WHAT THE TASK ASKS
Find the line with "ENVE deploys its" in the records below. Output exactly from there until after the line with "6). We will", without pictures.

[Items from a dataset]
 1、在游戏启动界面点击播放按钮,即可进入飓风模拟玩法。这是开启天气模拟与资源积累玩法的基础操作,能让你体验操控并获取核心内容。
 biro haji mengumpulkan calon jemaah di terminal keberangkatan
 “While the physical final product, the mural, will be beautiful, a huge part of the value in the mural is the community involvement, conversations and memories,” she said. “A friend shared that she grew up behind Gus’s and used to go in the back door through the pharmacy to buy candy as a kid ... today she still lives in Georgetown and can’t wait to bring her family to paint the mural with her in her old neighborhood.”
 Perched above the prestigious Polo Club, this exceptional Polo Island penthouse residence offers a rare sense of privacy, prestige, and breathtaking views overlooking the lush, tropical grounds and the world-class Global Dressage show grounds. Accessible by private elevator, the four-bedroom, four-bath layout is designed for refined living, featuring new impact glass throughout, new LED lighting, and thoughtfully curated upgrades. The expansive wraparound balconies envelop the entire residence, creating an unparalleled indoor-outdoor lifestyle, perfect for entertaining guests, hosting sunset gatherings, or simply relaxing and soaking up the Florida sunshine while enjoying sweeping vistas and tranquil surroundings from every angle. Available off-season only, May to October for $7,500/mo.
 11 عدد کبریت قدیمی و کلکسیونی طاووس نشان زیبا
...
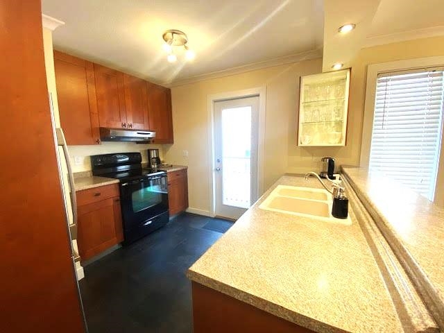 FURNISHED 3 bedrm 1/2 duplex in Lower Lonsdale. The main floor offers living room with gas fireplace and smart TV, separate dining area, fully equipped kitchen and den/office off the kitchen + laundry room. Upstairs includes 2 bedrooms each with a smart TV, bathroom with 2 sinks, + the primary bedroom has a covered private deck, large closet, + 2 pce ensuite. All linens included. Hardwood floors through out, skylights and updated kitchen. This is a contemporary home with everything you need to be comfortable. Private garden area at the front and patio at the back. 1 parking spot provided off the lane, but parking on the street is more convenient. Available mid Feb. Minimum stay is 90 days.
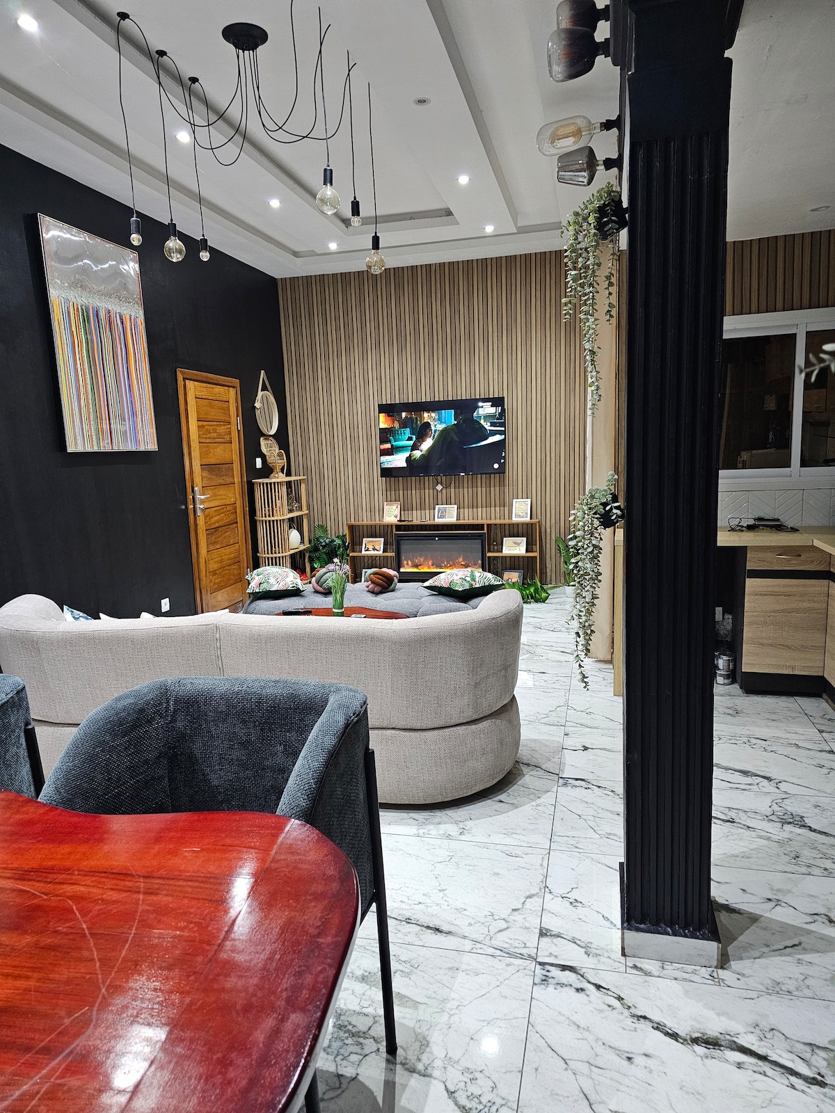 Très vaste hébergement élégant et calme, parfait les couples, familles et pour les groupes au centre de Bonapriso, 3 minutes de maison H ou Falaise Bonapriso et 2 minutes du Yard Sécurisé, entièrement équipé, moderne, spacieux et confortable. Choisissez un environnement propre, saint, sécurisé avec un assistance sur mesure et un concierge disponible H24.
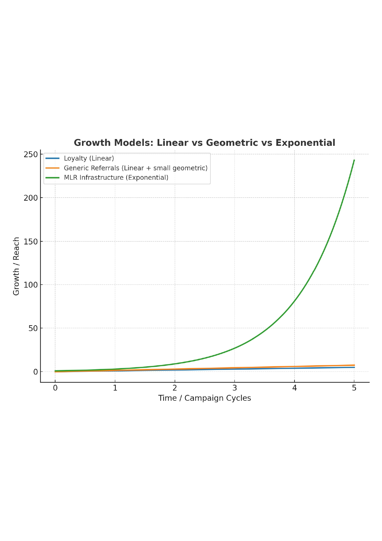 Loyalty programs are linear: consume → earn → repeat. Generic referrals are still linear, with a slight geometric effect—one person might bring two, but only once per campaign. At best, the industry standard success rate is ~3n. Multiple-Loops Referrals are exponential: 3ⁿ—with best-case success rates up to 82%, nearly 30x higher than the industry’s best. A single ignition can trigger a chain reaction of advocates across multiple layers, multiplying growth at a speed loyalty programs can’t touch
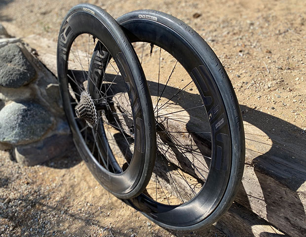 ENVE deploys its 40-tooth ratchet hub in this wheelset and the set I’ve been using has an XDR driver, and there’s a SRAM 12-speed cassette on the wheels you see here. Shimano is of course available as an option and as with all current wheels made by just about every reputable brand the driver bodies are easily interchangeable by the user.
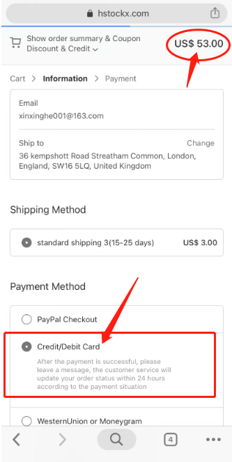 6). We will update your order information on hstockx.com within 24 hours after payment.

TASK OUTPUT
 ENVE deploys its 40-tooth ratchet hub in this wheelset and the set I’ve been using has an XDR driver, and there’s a SRAM 12-speed cassette on the wheels you see here. Shimano is of course available as an option and as with all current wheels made by just about every reputable brand the driver bodies are easily interchangeable by the user.
 6). We will update your order information on hstockx.com within 24 hours after payment.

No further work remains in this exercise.